Add an opt-in PGT_EXPLAIN=1 mode that, on the first measured cycle of DIFFERENTIAL, runs the delta query wrapped in EXPLAIN (ANALYZE, BUFFERS, FORMAT JSON) and saves the plan to /tmp/tpch_plans/q<NN>.json.

This requires cooperation from refresh.rs — either a dedicated SQL function or a GUC that triggers EXPLAIN capture. The simpler approach: after the first measured DIFFERENTIAL cycle, run EXPLAIN ANALYZE on the raw delta SELECT (without the MERGE wrapper) using the same LSN range.

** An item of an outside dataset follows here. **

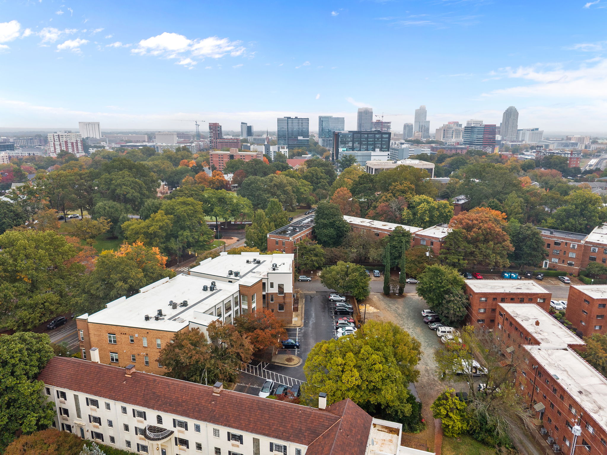 Here's a rare opportunity for a perfectly placed condo where Glenwood South and downtown Raleigh connect. This top floor, 2-bed/2-bath unit features an open floorpan perfect for entertaining, a dedicated office, hardwoods, a fireplace, gas cooktop, and heating and cooling systems replaced in 2024. An easy stroll to all six of downtown Raleigh's districts, as well as Daniels Village and the NC State campus. French doors in the living room overlook Hillsborough Street and the well-maintained grounds of The Saint Mary's School. Refrigerator, washer, and dryer to all convey. One dedicated parking space and ample guest parking nearby. Elevator access adjacent to the parking lot. This location is simply unbeatable and units in this community do not come available often!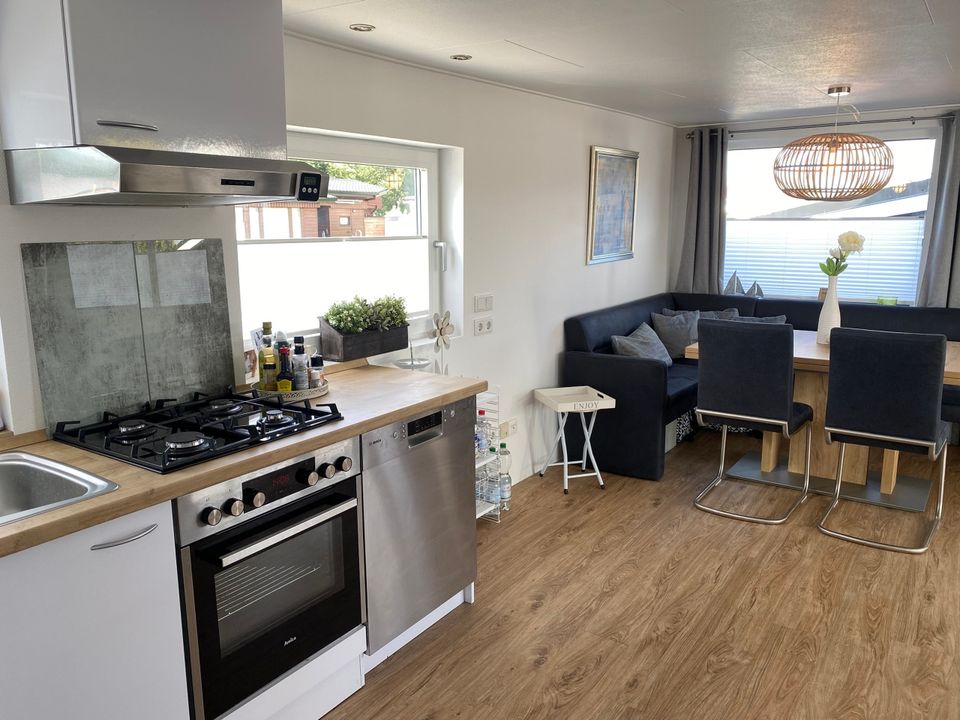 This fine chalet is located on the water and has its own jetty where you can moor a boat of up to 7 meters. The garden is spacious and includes a comfortable lounge set and a terrace on the water. The chalet consists of a main chalet and an annex. The main chalet features a spacious open plan living and dining room with a large corner sofa, cozy dining area and well equipped kitchen. This kitchen includes an oven, dishwasher and spacious fridge-freezer combination. in this main chalet there is also a double bedroom and a bathroom with shower, toilet and sink. The outbuilding consists of a double bedroom and a bathroom with a shower, toilet and sink.

Files: tests/e2e_tpch_tests.rs, possibly src/api.rs Effort: 3–4 hours Dependency: Needs access to the generated delta SQL. May require a new SQL function pgtrickle.explain_delta(st_name, format).

4. Phase 2: Baseline Measurement & Analysis

2-1: Run Baseline Benchmarks

Execute at two scale factors:

just bench-tpch              # SF-0.01, ~3 min
just bench-tpch-large        # SF-0.1,  ~8 min

Collect per-query data: - FULL median, DIFF median, speedup - Per-phase breakdown (Decision, Gen+Build, MERGE, Cleanup) - P95 for DIFF to detect spikes

2-2: Identify Top 5 Slowest Queries

Based on existing correctness-phase timing, expect:

Rank	Query	Expected DIFF ms (SF-0.01)	Dominant Operator
1	Q18	~5,000	SemiJoin (left-snapshot scan)
2	Q20	~2,300	SemiJoin (left-snapshot scan)
3	Q21	~1,900	AntiJoin + SemiJoin (deep chain)
4	Q08	~200–500 (est.)	8-table InnerJoin (deep delta CTE)
5	Q07	~200–400 (est.)	6-table InnerJoin + aggregate

2-3: Analyze MERGE Plans

For the top 5, capture EXPLAIN ANALYZE output and look for: - Nested loop joins where hash joins would be better (hint: GUC pg_trickle.merge_planner_hints) - Sequential scans on large tables where index scans are possible - Sort spills to disk in aggregate partitions - Missing parallel workers (check max_parallel_workers_per_gather)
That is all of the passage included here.